Steve Deace, an evangelical radio host, left Des Moines’ WHO Newsradio in February for unspecified reasons. A few months later, on Aug. 12, Deace was back on the radio, this time under a different company.

“When I left WHO I didn’t know what was coming next,” Deace said, adding that he considered working more directly in politics or in a presidential campaign. “Several of them did contact me directly or indirectly,” he added.

Then, he said, he got a call from Stu Epperson Jr., the CEO of the Truth Radio Network, who said he was looking for the “Christian Rush Limbaugh.”

Rush Limbaugh, the conservative talk radio host with over 15 million listeners, has a very different style, which may be due to generational differences, said Jennifer Buckley, a lecturer in the rhetoric department at the University of Iowa.

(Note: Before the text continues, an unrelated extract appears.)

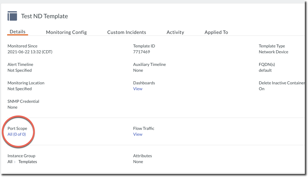 For network device templates, you can filter the number of ports that you can monitor using Port Scope. To configure the ports to be monitored, click the link below Port Scope.

“Limbaugh’s baby boomer followers are not particularly big on irony,” Buckley said. “[But] irony is practically the hallmark of Generation X.”

Buckley noted the ironic way Deace skewers “the liberal conception of Christian conservatives as humorless Bible thumpers.”

The computer on her desk was opened to Deace’s website and she turned to read a sentence from his brief biography.

“‘Because he’s not that educated, Deace actually believes the Bible is literally true, and the Constitution isn’t a living, breathing document.’ That’s straight-up irony,” she read.

Deace’s new program, recorded on weekdays in downtown Des Moines, airs across the country in cities like Salt Lake City, Utah, and Richmond, Va. Video and audio also run live online.

The show is too young to determine the number of listeners, Deace said. But he noted that his program runs in ten of the top 100 radio markets. Reaching only one percent of those listeners would be roughly 160,000 a day, he said.

When Deace had his prime-time program on WHO NewsRadio, he said they had roughly a quarter-million listeners per month.

Deace’s program represents a niche audience: conservative Christian voters.

This is a solid market to be tapping into, Buckley noted, and one that may be uniquely attracted to radio’s interactive style. Listeners can call into the station, talk to the host and have their comments broadcast.

“One thing the rise of the Tea Party shows us is the deep resentment among some people that their voices were not being heard,” she said. Deace’s show gives them the mic.